It is noted that due to the y bus current i y The direction is determined each time energy is transferred, so that u in a complete power transfer cycle L Energy transferVoltage during measuring u ab Only by the x and y bus or the y and z bus. The detailed operation of the SWISS rectifier with y bus current positive under the modulation method of the present invention is shown in fig. 4 (a) -4 (f).
The following takes three-phase voltage phase θ∈ [ pi/6, pi/3 ] and forward magnetization of the transformer (as shown in fig. 4 (a) - (c)) as an example, and analyzes the working process of the SWISS rectifier under the modulation method of the present invention:
(c1)u H energy transfer: as shown in fig. 4 (a), the power transfer time of this mode is the first modulation time t H The average current i flowing into the bus bar in this mode can be obtained H The method comprises the following steps:
(c2)u L energy transfer: as shown in fig. 4 (b), the power transfer time of this mode is the second modulation time t L The average current i flowing into the bus bar in this mode can be obtained L The method comprises the following steps:
(c3) And (3) a follow current stage: as shown in FIG. 4 (c), the power transfer time in this mode is t D The average current i of the leakage inductance of the transformer in the mode can be obtained D The method comprises the following steps:
for example, negative magnetization of the transformer (see fig. 4 (d) - (f)), the SWISS rectifier operation process under the modulation method of the present invention was analyzed:
(c4)u H energy transfer: as shown in fig. 4 (d), the power transfer time of this mode is the first modulation time t H The average current i flowing into the bus bar in this mode can be obtained H The method comprises the following steps:
(c5)u L energy transfer: as shown in fig. 4 (e), the power transfer time of this mode is the second modulation time t L The average current i flowing into the bus bar in this mode can be obtained L The method comprises the following steps:
(c6) And (3) a follow current stage: as shown in FIG. 4 (f), the power transfer time in this mode is t D The average current i of the leakage inductance of the transformer in the mode can be obtained D The method comprises the following steps:
the modulation method of the invention takes three-phase input current as a modulation target to control bus current, and theta is [ pi/6, pi/3 ]]At the time, current i L Flow into phase b, i through the y bus H Flowing into phase a through the x bus, i.e. modulating current i with reference to the ideal current of phase b L Modulating current i with reference to a-phase ideal current H . The ideal modulation target can be expressed as:
in the switching period T s Leakage inductance value L of transformer r Under certain conditions, the formulas (4) - (6) are combined, so that u in one control period can be obtained through calculation H And u is equal to L The modulation time of (2) is:
and the same applies to other intervals.
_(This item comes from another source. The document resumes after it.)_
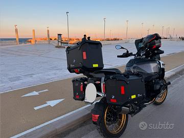 Per completo inutilizzo e acquisto camper, vendo Bmw R1300 GS ADVENTURE TRIPLE BLACK 31.03.2025 km 3600 praticamente nuova full come da allestimento top Bmw con ulteriori accessori Bmw: -Cupolino e deflettori bruniti; -Protezione faro ( WRS ); -Griglie protezione faretti supplementari; -Valigie laterali con rivestimento interno; -Reti interne valigie; -Top case con rivestimento; -Riser manubrio; -Protezione telelever; -Borsa serbatoio; -Borse laterali 12 litri; -Griglie protezione radiatori; -Tamponi protezione barre paramotore; -Scarico Akrapovic; -Grafiche Triple Black; -Carpuride 7" W702B; -Sella comfort completamente rifatta e personalizzata; -Estensioni paramani fumè; -Faretti supplementari 9000 lumen; -Borse anteriori fianchetti;

Therefore, the modulation method only needs to obtain the three-phase input voltage peak value U m And phase theta, therebyBy calculation to obtain u in one control period H 、u L 、i H * And i L * Then combine with the known switching period T s With the leakage inductance value L of the transformer r The modulation time t in the control period can be obtained H And t L 。
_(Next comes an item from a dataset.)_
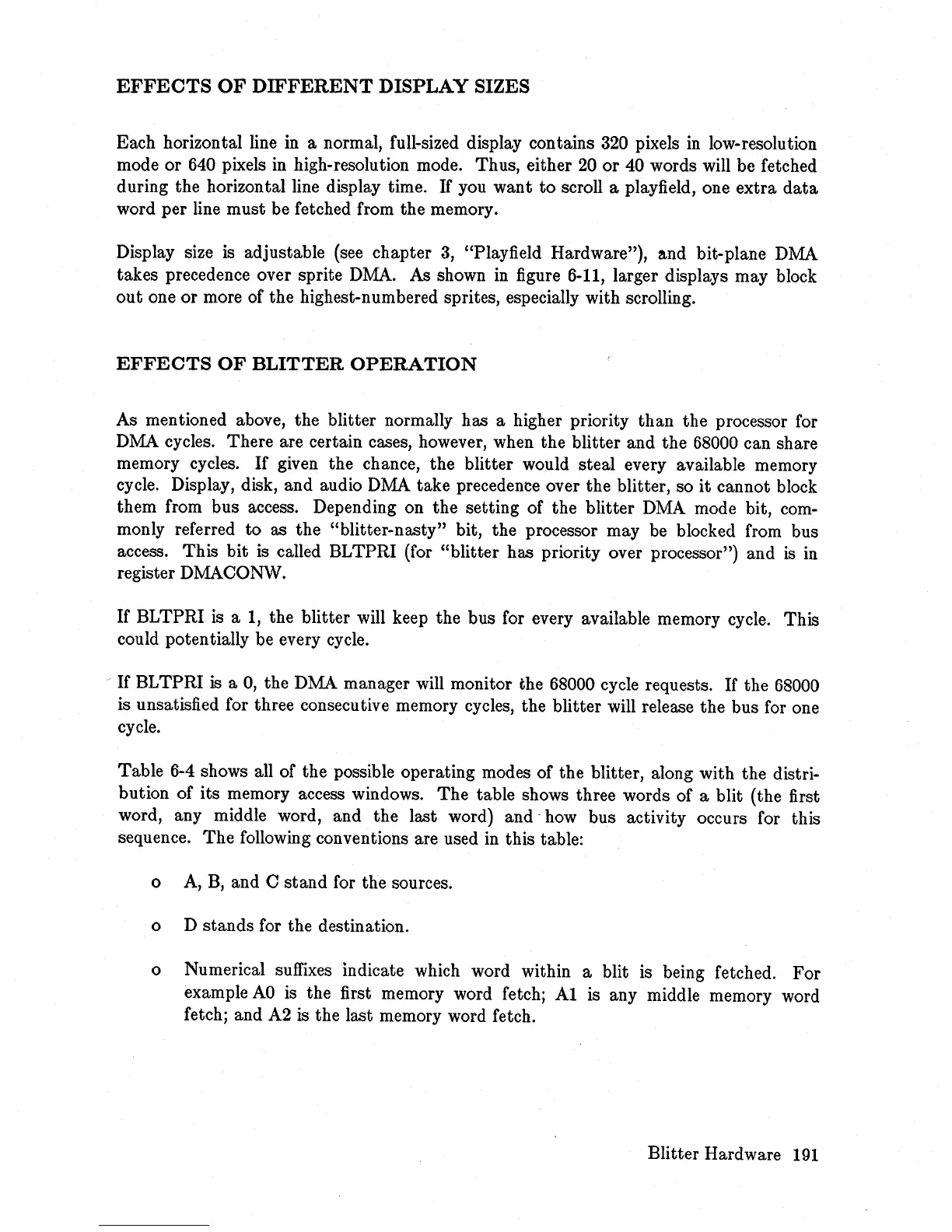 is unsatisfied for three consecutive memory cycles, the blitter will release the bus for one

Fig. 5 is a flowchart of the modulation method according to the present invention, which is described in detail below:
1) The control unit consists of a threshold comparator hardware circuit, an FPGA and an MCU, the leakage inductance current obtained by sampling passes through the threshold comparator to obtain a leakage inductance current zero crossing mark Zrieoc, and the zero crossing mark is connected into the FPGA; an up counter per 10ns is arranged in the FPGA and used for controlling a high-frequency switching period, the output value of the counter is Cnt, and when the zero crossing mark Zreeoc is set high, the output value Cnt of the counter can be set to be zero.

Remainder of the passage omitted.